— Хо-хо! — издал он трубный носовой звук, но дальше, за боевым призывом этим ничего не последовало. Подрез поёрзал на скамье и отстранился в свою очередь, как бы желая обозреть Федьку наново.
Она молчала, подтверждая тем самым сказанное.
— Смело! — проговорил наконец Подрез. — Отважный ты хлопец, Феденька. Не зря тебя к Васькиному извету приставили. Начитался врак-то, а? Что? Начитался?

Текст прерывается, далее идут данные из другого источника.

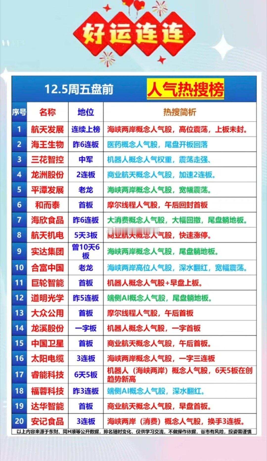 12.5周五盘前 人气热搜榜!1.航天发展:海峡两岸,震荡上板未封。 2.海王生物:昨6连板 医药,尾盘开板3.三花智控:机器人,震荡走强4.龙洲股份:2连板 商业航天,加速2连板5.平潭发展:老龙 海峡两岸,震荡。 6.和而泰:首板摩尔线程,午后回封7.海欣食品:昨6连板 大消费 回撤地板。 8.航天机电:5天3板 商业航天,涨停。 9.实达集团:海峡两岸,尾盘躺地板10.合富中国:老龙海峡两岸,深水翻红

Упираясь кончиками ногтей, словно брезгуя и коснуться, Федька подвинула от себя кошелёк.
— Она, Ульянка, курва твоя, и отравила. Положила сулемы в уху из белорыбицы. И тому полгорода свидетелей.
— Что же они все рядом стояли, когда она сыпала? — глумливо спросил Подрез.
— Выходит так. Если она полгорода обошла, советуясь, травить ей мужа или не травить.
— Да? — осведомился Подрез. — И что же мудрецы эти ей присоветовали?
— Советовали не травить. Подруга её, Марфутка, что ли, и пономарь...
— Васька Родионов, — подсказал Подрез, — старый дурак.
— ...Тоже травить не велел. И отец её духовный Семён Христом богом заклинал.
— А я, выходит, велел, она и отравила. Так что ли?
— Ефим-то Телепнёв, Ульянкин муж, поел рыбки и умер. Вышел на двор под поветь к коновязи — тут его и скорчило. Только к стене прислонился — и всё.
— Враки!
— Что враки? Умер или не умер?
— К чёрту Ульянку! Она, сука, за то в преисподней гореть будет. Я говорю: враки! Какого дьявола ты мне вонючие эти враки под нос суёшь?! — рассвирепел Подрез. — Ты кто такой? Кто ты такой? — закричал он, вскакивая и перегибаясь через стол.
— Ссыльный посольский подьячий Фёдор Иванов сын Малыгин, — отвечала Федька.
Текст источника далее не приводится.